En ces temps troubles où la cacophonie est devenue assourdissante, il est bon d’écouter les voix de l’apaisement. Zamane est allé chercher Egdar Morin. Philosophe, sociologue et anthropologue, l’homme confie sa foi et ses doutes sur nos sociétés malades.
Montesquieu a dit : « Mieux vaut s’abstenir de faire une chose qui serait bonne pour ma patrie et mauvaise pour l’humanité ». Quel sens donnez-vous à la parole d’un auteur que vous admirez et qui semble plus que jamais d’actualité ?
À l’époque de Montesquieu et jusqu’à récemment, cette formulation n’illustrait qu’un principe sans forcément avoir de vraies conséquences. La raison est imputable au fait que les peuples, les continents n’étaient pas aussi reliés qu’aujourd’hui. La mondialisation entraîne désormais une interdépendance de fait entre les êtres humains. J’appelle cela une «communauté de destin», car nous avons les mêmes problèmes vitaux qui sont aussi des problèmes mortels. La dégradation de la biosphère, la prolifération des armes nucléaires, la multiplication des fanatismes sont des exemples de cas qui nous concernent tous. Aujourd’hui, la notion d’humanité est devenue une réalité concrète. Malgré tout, cette phrase prononcée au XVIIIe siècle est symbolique d’une tradition de pensée à laquelle je me rattache. Montaigne avait dit antérieurement : «Tout homme est mon compatriote». J’adhère complètement à cette vision qui nous attache tous à un socle commun que je qualifie de «Terre patrie». Montaigne s’intéressait de près au sort des Indiens d’Amérique asservis et exploités par les colons européens. Dans son chapitre sur les cannibales, l’auteur explique que nous les appelons «barbares», car ils mangeaient leurs ennemis morts, tout en rappelant que nous faisions du mal aux vivants, ce qui est pire. C’est cette pensée dont je suis imprégné. Il disait aussi : «On appelle barbares les peuples d’autres civilisations», ce qui est toujours d’une brûlante actualité.
Aujourd’hui, le bien de l’humanité ne serait-il pas d’éviter de heurter les susceptibilités ?
J’estime qu’il est nécessaire d’assumer et d’affronter nos contradictions.
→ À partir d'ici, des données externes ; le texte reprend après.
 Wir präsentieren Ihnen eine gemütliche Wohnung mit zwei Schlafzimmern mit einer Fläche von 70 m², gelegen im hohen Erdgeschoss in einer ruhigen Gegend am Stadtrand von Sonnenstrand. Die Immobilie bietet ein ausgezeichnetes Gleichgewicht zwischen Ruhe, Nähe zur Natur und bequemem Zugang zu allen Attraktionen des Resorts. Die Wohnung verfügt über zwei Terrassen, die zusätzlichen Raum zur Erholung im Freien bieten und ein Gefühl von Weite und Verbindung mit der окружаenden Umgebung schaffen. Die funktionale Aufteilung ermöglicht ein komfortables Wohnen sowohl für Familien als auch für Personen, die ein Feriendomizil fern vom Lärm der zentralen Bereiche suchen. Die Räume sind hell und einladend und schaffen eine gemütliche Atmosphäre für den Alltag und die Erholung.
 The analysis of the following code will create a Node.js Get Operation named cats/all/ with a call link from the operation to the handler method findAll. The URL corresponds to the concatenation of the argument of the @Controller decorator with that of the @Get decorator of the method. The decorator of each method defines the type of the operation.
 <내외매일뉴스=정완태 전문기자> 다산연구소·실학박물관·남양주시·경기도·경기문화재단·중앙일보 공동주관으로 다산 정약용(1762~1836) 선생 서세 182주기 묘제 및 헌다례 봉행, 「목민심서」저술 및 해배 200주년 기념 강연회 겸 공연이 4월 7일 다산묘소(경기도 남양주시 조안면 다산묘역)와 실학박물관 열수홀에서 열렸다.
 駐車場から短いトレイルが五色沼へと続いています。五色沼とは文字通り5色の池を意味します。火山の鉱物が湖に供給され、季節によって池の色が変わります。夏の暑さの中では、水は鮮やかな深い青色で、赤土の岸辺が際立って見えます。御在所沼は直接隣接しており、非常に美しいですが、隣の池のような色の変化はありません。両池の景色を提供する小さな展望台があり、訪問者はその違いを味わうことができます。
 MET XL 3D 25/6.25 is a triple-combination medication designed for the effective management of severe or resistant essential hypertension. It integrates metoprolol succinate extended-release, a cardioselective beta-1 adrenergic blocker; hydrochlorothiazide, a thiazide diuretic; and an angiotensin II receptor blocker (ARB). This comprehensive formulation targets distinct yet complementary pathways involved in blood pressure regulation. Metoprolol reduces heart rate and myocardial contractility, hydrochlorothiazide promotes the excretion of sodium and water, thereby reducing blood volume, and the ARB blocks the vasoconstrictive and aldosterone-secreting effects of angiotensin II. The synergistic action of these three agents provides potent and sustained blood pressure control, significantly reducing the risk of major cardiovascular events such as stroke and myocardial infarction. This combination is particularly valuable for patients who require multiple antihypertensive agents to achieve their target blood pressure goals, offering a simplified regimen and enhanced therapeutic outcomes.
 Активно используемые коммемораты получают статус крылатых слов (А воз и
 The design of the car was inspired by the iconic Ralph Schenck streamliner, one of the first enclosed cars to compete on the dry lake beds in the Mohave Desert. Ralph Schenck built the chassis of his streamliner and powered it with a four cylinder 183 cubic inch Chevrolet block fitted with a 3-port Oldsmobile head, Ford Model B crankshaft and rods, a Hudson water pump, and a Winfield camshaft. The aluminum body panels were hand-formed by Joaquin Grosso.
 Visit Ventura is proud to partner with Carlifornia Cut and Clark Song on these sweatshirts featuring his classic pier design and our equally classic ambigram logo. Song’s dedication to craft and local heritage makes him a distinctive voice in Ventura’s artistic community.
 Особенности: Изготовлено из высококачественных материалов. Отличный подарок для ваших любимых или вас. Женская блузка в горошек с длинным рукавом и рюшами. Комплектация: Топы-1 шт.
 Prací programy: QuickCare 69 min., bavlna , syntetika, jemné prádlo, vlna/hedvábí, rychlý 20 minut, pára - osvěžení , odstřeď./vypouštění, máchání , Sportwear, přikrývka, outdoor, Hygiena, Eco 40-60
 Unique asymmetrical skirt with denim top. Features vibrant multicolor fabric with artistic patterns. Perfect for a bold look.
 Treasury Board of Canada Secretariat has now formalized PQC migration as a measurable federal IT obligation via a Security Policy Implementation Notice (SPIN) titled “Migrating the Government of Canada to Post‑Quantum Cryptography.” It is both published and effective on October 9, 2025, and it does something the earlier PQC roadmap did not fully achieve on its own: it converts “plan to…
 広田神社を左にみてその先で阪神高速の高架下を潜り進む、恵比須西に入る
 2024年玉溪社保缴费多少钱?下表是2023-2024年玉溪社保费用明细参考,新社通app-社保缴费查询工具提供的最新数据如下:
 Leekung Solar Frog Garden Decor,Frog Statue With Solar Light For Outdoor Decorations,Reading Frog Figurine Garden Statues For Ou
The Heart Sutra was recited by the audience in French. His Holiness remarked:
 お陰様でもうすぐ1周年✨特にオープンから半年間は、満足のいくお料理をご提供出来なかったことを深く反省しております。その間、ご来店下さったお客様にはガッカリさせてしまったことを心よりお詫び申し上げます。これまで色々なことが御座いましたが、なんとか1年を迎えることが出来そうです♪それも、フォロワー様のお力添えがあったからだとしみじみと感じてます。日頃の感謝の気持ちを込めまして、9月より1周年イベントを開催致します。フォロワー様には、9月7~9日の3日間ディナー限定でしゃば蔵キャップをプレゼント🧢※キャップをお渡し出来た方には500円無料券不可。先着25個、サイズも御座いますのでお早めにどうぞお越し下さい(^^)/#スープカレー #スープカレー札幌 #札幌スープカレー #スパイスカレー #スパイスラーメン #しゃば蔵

Lors de la première publication des caricatures du Prophète en France, j’avais pris la pleine mesure de cette contradiction. D’un côté, je pense que la liberté d’expression est une valeur sacrée. En France, elle est encore plus spécifique. Elle est liée à la tradition laïque qui a toujours été imprégnée d’un anticléricalisme dans la lutte qui a longtemps opposé l’Église et la République jusqu’à ce que l’Église a été dessaisie de son immense pouvoir sur la société par la séparation avec l’État en 1905. Il y a eu du côté républicain une tradition de l’irrespect, dont Charlie Hebdo est un successeur.
D’un autre côté, il me semble nécessaire de ne pas offenser les gens dans leurs croyances les plus intimes et les plus profondes. Ce problème ne s’est pas posé uniquement envers les musulmans. En reprenant l’exemple des Amérindiens, qui se sont fait piétiner leurs croyances ou leurs espaces sacrés comme leurs cimetières, je me suis manifesté contre l’offense. Pour revenir à la contradiction entre liberté d’expression et offense du sacré, je ne prétends pas la surmonter. Je dis simplement que les journalistes devraient savoir se contrôler afin de respecter les croyances et de ne pas offenser autrui. Il y a encore quelque temps, les journalistes français étaient capables de taire la fille cachée du président Mitterrand ou encore la grave maladie de Georges Pompidou. Je regrette qu’aujourd’hui la presse se déchaîne sur tout, sans se poser de questions. Je ne dis pas qu’il faille imposer le silence. Je suis par exemple contre la Loi Gayssot (texte français adopté en 1990, rendu célèbre par la polémique suscitée sur la pénalisation des tentatives de révision de l’Histoire, en particulier celle de l’Holocauste, ndlr). Je rappelle dans le billet que j’ai récemment rédigé pour Le Monde mon point de vue tout en affichant mon écœurement et mon horreur par rapport aux attentats contre les dessinateurs de Charlie Hebdo.